Mr. T. said, he came to this Convention with the settled and deliberate conviction that free white population was the only true basis of representation in a representative democracy—and he came pledged to his constituents to act upon that conviction in the votes he should be called on to give here. That conviction had not been in the slightest degree shaken by any thing he had heard in debate, and by his votes he had as faithfully redeemed his pledge to his constituents as he had obeyed the honest dictates of his conscience and his best judgment He had foreseen, however, at an early period of the session. that concession and compromise were necessary to bring our labours to an harmonious and happy termination. The fears and apprehensions of his Eastern brethren, which he had hoped could be allayed by a Constitutional guaranty against unequal and oppressive taxation and partial appropriations, had rather been augmented than allayed by the temper and spirit of the debate. Those fears and apprehensions he had heretofore and still considered imaginary, but they were not on that account the less entitled to respect and consideration—and as soon as the idea of a guaranty was repudiated, as it seemed to be, on one side, if not on both. Mr. T. said, he had made up his mind to go for the compromise of the white population basis in the House of Delegates, and federal numbers in the Senate. This, he believed, most conscientiously to be the true and the only middle ground between the parties—it placed the popular branch in its legitimate hands, the majority of free whites, this was made the guardian of persons and personal rights—it gave to the slave-holders the Senate for their protection—and if protection and security be really the object of the East, here was a protection and safe-guard ample and complete.

Here was the shield for which they had asked. To concede the House of Delegates also, would be to put into their hands a sword, not for defence, but which might be employed offensively. Mr. T. said, entertaining these opinions, he had earnestly hoped this compromise would prevail : it had been his "first love." since he had been impressed with the necessity of compromise. and he had uniformly voted for it in Committee of the Whole, and in Convention.
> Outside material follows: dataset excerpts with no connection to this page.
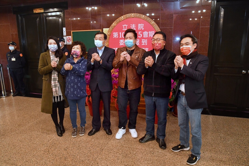 立法院第10屆第5會期7日開始立委報到,國民黨立委洪孟楷(右起)拔得頭籌、第2位報到的是民進黨立委陳歐珀、第三位是台灣民眾黨立法院黨團總召、立委邱臣遠;3人與國民黨立委曾銘宗、葉毓蘭及民眾黨立委高虹安合影。(圖/中央社)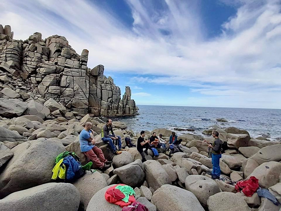 Maurizio Oviglia instructing at Trad day 2020, the trad climbing meeting at Capo Pecora in Sardinia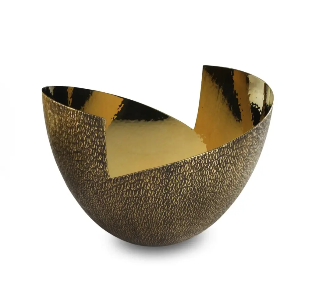 The Vela bowl has a polished brass interior and a burnished exterior in a Corteccia texture.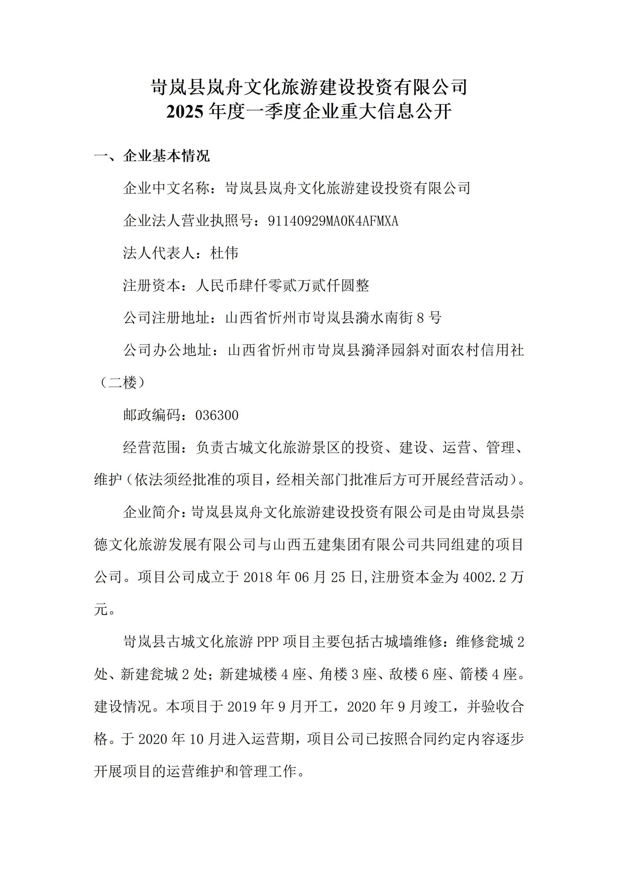 岢岚县岚舟文化旅游建设投资有限公司2025年第一季度企业重大信息公开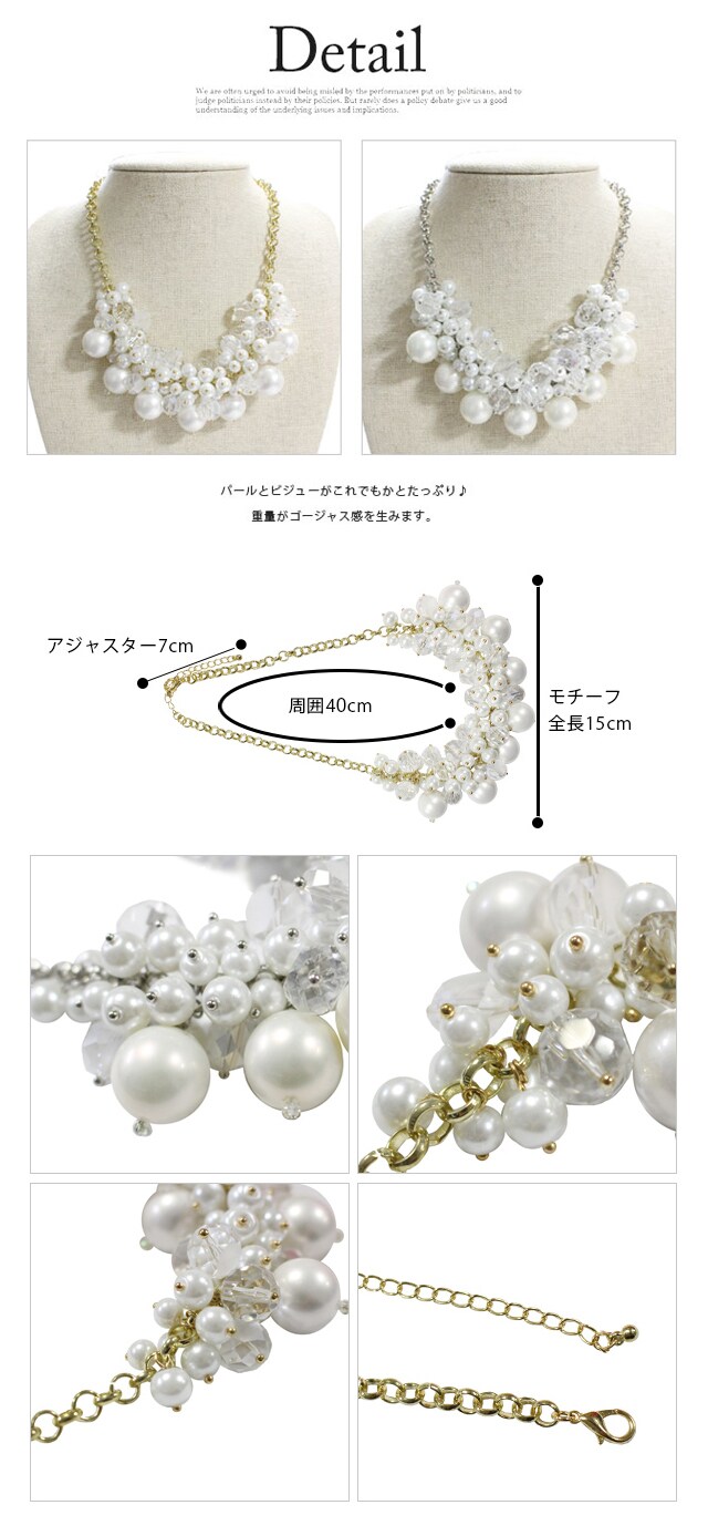 ホワイトパールとクリアビジューをたっぷり使用した、ずっしりとした重量感のあるボリュームネックレス。太めのチェーンでバランスよく仕上げました♪裏表なく使えるので、急いでいる時もさっと着用可能なのがウレシイ♪ワンポイントだけ華やかにしたい、大人めなワンピースピッタリ!ドレスなどを着たときには一番上品でキレイに見える長さなので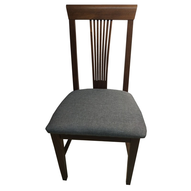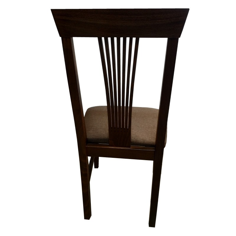 Καρεκλά τραπεζαρίας ξύλινη από ξύλο οξιάς σε καρυδί χρώμα με ύφασμα λαδί- λευκό και τρουκς 48*47*94εκ.

By the vote just taken, however, it had been lost by an equal division of the body; and the only remaining proposition now, is that of my worthy colleague, (Mr. Gordon,) upon which we are about to vote.

Of the merits of this proposition, Mr. T. would say nothing, as they had already been fully developed by the mover and other gentlemen pro and con—though the scheme was no favourite with him, he had assured his worthy colleague, & had always intended to vote for it as a compromise, after failing in his first choice, provided in the mean time no proposition less objectionable was presented. He preferred it infinitely to the projects of the gentleman from Northampton (Mr. Upshur,) and the gentleman from Chesterfield. Mr. Leigh.—Now, indeed, after rejecting all others, we were reduced to this single proposition; and objectionable to him as he would candidly confess it was, he could not hesitate to prefer it to the alternative of making no constitution. As a present and temporary apportionment, he had no serious objections to it. The great defect was, that it contained no satisfactory provision for future apportionments of power. The object of the mover he had avowed to be to sink that vexed question—this Mr. T. believed to be a vain effort—it could not be, it must be met and must be decided and adjusted sooner or later; and the sooner, the better for the repose of the Commonwealth; &c he, Mr. T., believed the only practicable and satisfactory adjustment that could take place, since the constitutional guaranty was repudiated, was to adopt the white basis in the House of Delegates, and the federal or mixed basis in the Senate. This would satisfy a majority of the community and nothing else would. The West were now willing to yield it, and it was to him matter of astonishment that the East would not close with the offer. Mr. T. said, while he held these opinions and whilst he feared that the adoption of the proposition of his colleague, would defeat the passage of the Constitution in this Convention, and if not its ratification by the people, he could not, so far as his vote was concerned, be "instrumental in its rejection now—to prevent or the scheme might, contrary to his anticipations, unite a respectable majority here, and a majority of the people. He felt it. therefore. to be his duty under present circumstances, to give the experiment a fair trial. and should it receive the sanction and support of a majority here and elsewhere, as a republican he should feel it his bounden duty, to acquiesce cheerfully in their decision. For these reasons, he should record his vote in favour of the proposition of his colleague, now under consideration.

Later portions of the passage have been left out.